CloudNine provides a full disclosure of pricing: https://www.ediscovery.co/ediscovery-software-and-service-pricing/.

We get it. The reason for the full disclosure (complete transparency) is the understanding that pricing is a key element in eDiscovery service selection decisions. One can assume their pricing is established on best practices for technology pricing vs. the traditional legal technology approach of establishing pricing solely based on what the market will allow. We have to assume this approach allows for very competitive pricing for the market … and appropriate business benefit for CloudNine. Otherwise, why do it?

We agree with Greg’s comment that different situations require different pricing. However, that should not prevent any vendor from sharing a baseline for public understanding of where the baseline for different pricing is founded. The transparent approach used by CloudNine re: pricing has received very strong affirmation by many in the industry.

One point we have noticed: some competitors started highlighting the importance of pricing transparency and when other offerings became pricing transparent, they have moved the conversation from transparency to the makeup of data being ingested. The reality is that customers are more concerned with effectiveness vs. a problem as opposed to effectiveness vs. another approach. Many approaches serve the same objective and just because a firm champions a high number of processes does not make their offering any more effective or powerful than one that does not highlight the number of processes. And without a definition of what those processes are and why they matter, it is only marketing with numbers. Said in a different way, if a customer only needs to drive from point A to point B, they may not need a Ferrari. But if they need the features of a Ferrari, it is important to understand those features and look for them in other offerings as other offerings may indeed have them also. Sometimes elegance of code is not necessarily based on how many processes were implemented, but how few processes were required to achieve the same objective.


Greg noted:

”My position is that it is the responsibility of vendors to articulate the differences and the responsibility of buyers to understand how capabilities align to their needs for each use or case. Don’t fall under the spell of the buzzwords.  Do your homework.”

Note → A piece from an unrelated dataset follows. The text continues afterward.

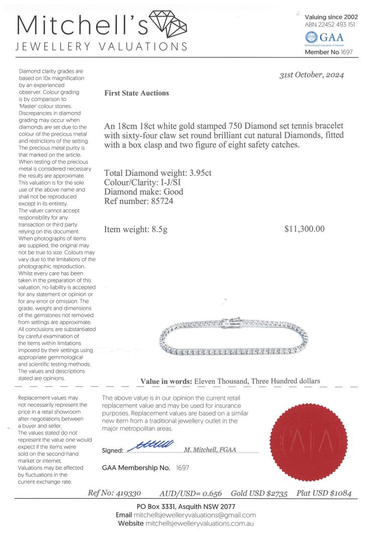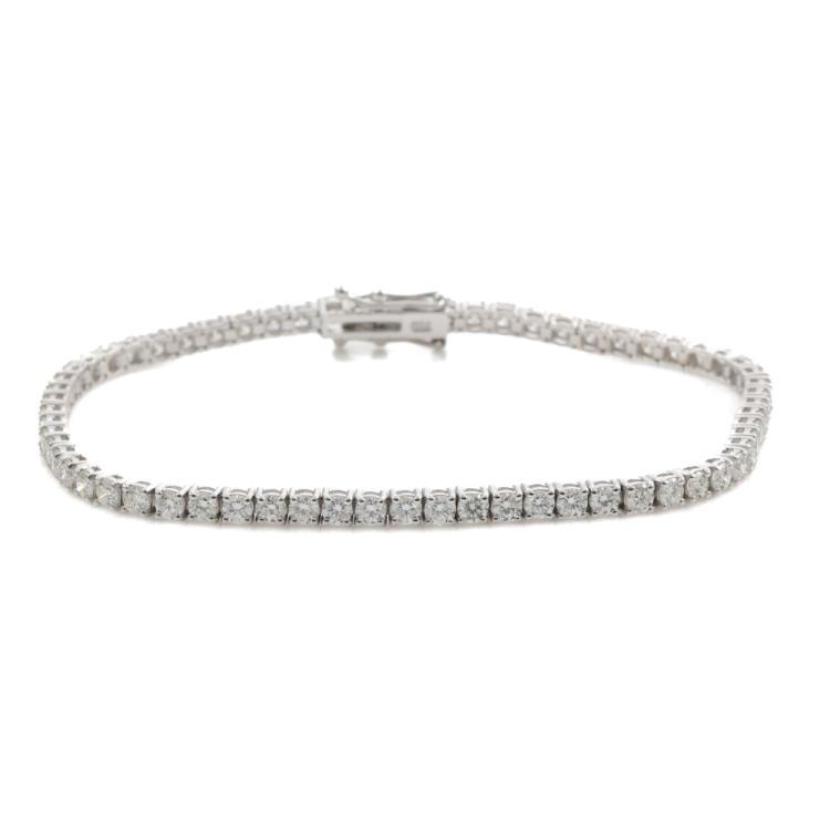 Diamond tennis bracelet with 64 round Natural Diamonds totalling 3.95ct (Estimated grading: I-J SI). 18ct white gold. Length: 18cm. Weight: 8.5g. With Valuation Certificate #419330. (New)

We agree. And with the recitations above we have tried to articulate a few of the differences so our readers can make even more informed decisions on eDiscovery offerings and services. We really are not trying to do a “competitor to competitor” comparison. We are trying to to do a balanced and fair approach and provide our readers with a vendor’s product approach, with references.

Every provider we have mentioned and that Greg has mentioned have positive and negative attributes.  We just try to bring to your attention the provider’s capabilities and the questions to ask so that you can determine if they align with your needs.